Prediksi Penyakit Jantung Berdasarkan Indikator-Indikator Kesehatan
Abstract
This research aims to predict heart disease using Machine Learning. The dataset used is obtained from a website called Kaggle. The benefits of this research can help prevent someone from getting heart disease; and start a lifestyle change. The use of Machine Learning can help to predict the likelihood of a person developing heart disease. Some Machine Learning algorithms used in this research are K-Nearest Neighbor, Decision Tree, and Random Forest. The use of Machine Learning algorithms can also be supported using Hyperparameter tuning to improve the performance of Machine Learning algorithms. Hyperparameter tuning aims to find the best parameters of each algorithm that provide the most optimal performance.
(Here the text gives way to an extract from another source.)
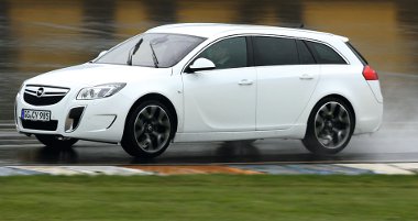A korlátozás nélkül 270 km/órás sebességet elérni képes Opel Insignia OPC (5 ajtó, kézi váltó) egyébként a hétköznapok során nem tud többet egy normál társánál. A menetpróba a Berlintől délre vezető, korlátozás nélküli autópályákon zajlott, ahol bizony nagyon szenvedett az autó 200 km/óra felett, csak hosszas kínlódás után tudtam elérni egy pillanatra a 240 km/órás tempót. Két tonnával nem lehet játszani! Ennél már csak az ablaktörlő szenvedését volt rosszabb nézni, ami úgy 200-tól alig tud a menetszél ellenében visszahúzódni a motorháztető fedezékébe. Mondjuk ez is jobb volt annál, mint hogy a Lausitzring oválpályáján 130-140 km/órás tempóval mentünk pár kört, mert akkora volt a víz…

The results of the experiments obtained show that the most optimal algorithm is Random Forest with a value of f1-score (micro) 94%, f1-score (macro) 73%, f1-score (weighted) 94%, and balance accuracy 74%. For the best parameters from the use of Hyperparameter tuning from the Random Forest algorithm, namely max_depth = 80, max_features = 4, min_samples_leaf = 4, min_samples_split = 10, and n_estimators = 400. For the best parameters from the use of Hyperparameter tuning from the Decision Tree algorithm, namely criterion = gini, max_depth = 100, max_features = sqrt, min_samples_leaf = 1, and min_samples_split = 3, and for the best parameters from the use of Hyperparameter tuning from the K-Nearest Neighbor algorithm, namely leaf_size = 10, n_neighbors = 40, and weights = distance. In addition to experiments to find the best machine learning algorithm, this research also produces a web-based system that accepts input in the form of health indicators and provides prediction results.